And a last observation, the response is always the same, always.  Whether in a Galileo, or whether in a Constantine, the Caesar of the Roman Empire, or whether in those degraded tribes, some of whom I have seen and to whom I have preached the gospel; it is the same.  When the Holy Spirit appeals to the heart, there is conviction,  there is repentance, there is acceptance, there is faith in Christ; there is a public confession, a glad owning of the goodness of God in the blessed Lord Jesus [Romans 10:9-10].  And there is a baptism in water [Matthew 28:19-20] which is a figure and a symbol of the baptism of the Holy Spirit [1 Peter 3:21], adding us to the body of Christ.

Whether it be an Ethiopian eunuch, “See here is water; what doth hinder me to be baptized?”  “You can if you believe.”  And he replies, “I have believed in the Lord” [Acts 8:36-37].  Or whether it be a Philippian jailer [Acts 16:25-31], or whether it be the Caesar of the empire, all alike respond in the same way.  “I accept Jesus as my Savior.  I confess Him openly and publicly, and I want to be baptized”; a picture of our baptism into the body of Christ when we accept Jesus as our Lord [Romans 6:3-5], a beautiful faith, a precious doctrine, and a marvelous experience [1 Corinthians 12:13; Ephesians 4:5].

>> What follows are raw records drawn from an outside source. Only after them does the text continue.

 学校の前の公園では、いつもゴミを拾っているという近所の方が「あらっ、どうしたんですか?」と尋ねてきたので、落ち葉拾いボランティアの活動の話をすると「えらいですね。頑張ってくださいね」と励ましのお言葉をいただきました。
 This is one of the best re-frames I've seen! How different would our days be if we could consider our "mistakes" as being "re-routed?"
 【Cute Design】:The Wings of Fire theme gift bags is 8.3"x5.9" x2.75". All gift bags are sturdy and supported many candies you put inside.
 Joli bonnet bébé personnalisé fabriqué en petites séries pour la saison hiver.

Now may we stand together?  Our wonderful Lord in heaven who baptized this world, who poured out upon this world the Holy Spirit [Acts 2:26], who comes into our hearts [Revelation 3:20], who adds us to the body of Christ [1 Corinthians 12:13], and who fills us again, and again, and again, and again with His presence [Ephesians 5:18], sometimes so full we cannot contain ourselves, we weep in joy, or we shout in gladness, or we cry in exaltation, filled with the Holy Spirit of God, sometimes alone with the doors shut, down on our knees, and the Holy Spirit of God overflows.  Sometimes in a church service, when we can hardly contain ourselves, we are so glad and so happy in Him.  O Lord, in how many ways and how many times and how many places have we been filled with the Spirit? [Ephesians 5:18].  And thank Thee, Lord, for that one time when I was baptized into the body of Christ by the Holy Spirit of God and added to the church [1 Corinthians 12:3].  O Lord, God be praised for His wondrous goodnesses to us.

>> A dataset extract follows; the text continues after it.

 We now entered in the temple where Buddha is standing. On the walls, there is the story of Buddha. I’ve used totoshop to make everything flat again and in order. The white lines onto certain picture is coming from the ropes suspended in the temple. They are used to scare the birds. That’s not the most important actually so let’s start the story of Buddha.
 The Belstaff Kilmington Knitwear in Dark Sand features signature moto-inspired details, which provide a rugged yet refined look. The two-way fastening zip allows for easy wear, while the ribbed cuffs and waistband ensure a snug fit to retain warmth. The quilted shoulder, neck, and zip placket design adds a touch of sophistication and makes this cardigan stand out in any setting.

While our people wait and pray, a family you, come.  A couple you, answer with your life.  Or one somebody you, “This day is the day of decision and rejoicing and gladness for me.  Here I stand, pastor, I am coming.”  Make the decision now in your heart, and in this moment when we sing, answer with your life.  Down one of those stairways, down one of these aisles, “Here I am, pastor, I’m on the way.”  Thank Thee, Lord, for the sweet harvest, in Thy saving name, amen.  While we sing, and welcome.